Recorded information START

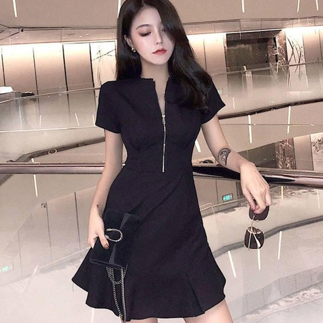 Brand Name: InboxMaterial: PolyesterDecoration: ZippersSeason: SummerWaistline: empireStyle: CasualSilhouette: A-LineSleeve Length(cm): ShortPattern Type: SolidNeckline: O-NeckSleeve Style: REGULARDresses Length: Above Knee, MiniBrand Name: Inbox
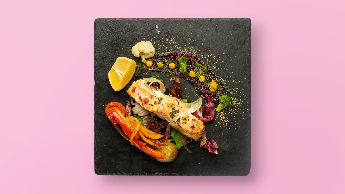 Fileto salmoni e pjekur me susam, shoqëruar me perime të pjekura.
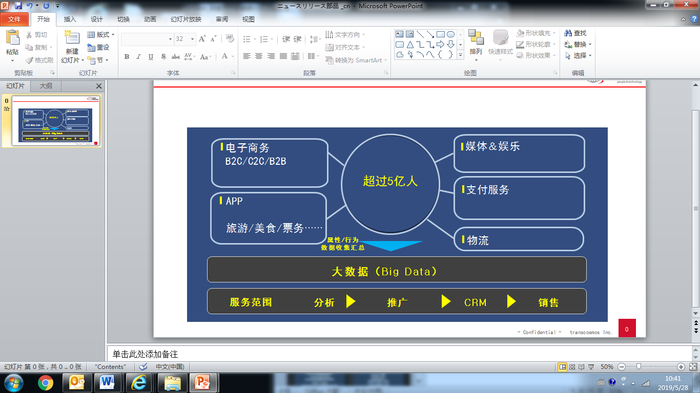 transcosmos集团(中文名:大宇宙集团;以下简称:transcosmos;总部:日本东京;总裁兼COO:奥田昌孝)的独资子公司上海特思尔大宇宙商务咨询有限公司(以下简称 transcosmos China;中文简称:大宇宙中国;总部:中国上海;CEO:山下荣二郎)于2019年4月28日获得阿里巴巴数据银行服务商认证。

Recorded information END

* _Problem_: Leave the pictures out and retype only the lines from the line with "Fileto salmoni e" through the final line of the material, both ends included, word for word.

* _Result of this task_:
 Fileto salmoni e pjekur me susam, shoqëruar me perime të pjekura.
 transcosmos集团(中文名:大宇宙集团;以下简称:transcosmos;总部:日本东京;总裁兼COO:奥田昌孝)的独资子公司上海特思尔大宇宙商务咨询有限公司(以下简称 transcosmos China;中文简称:大宇宙中国;总部:中国上海;CEO:山下荣二郎)于2019年4月28日获得阿里巴巴数据银行服务商认证。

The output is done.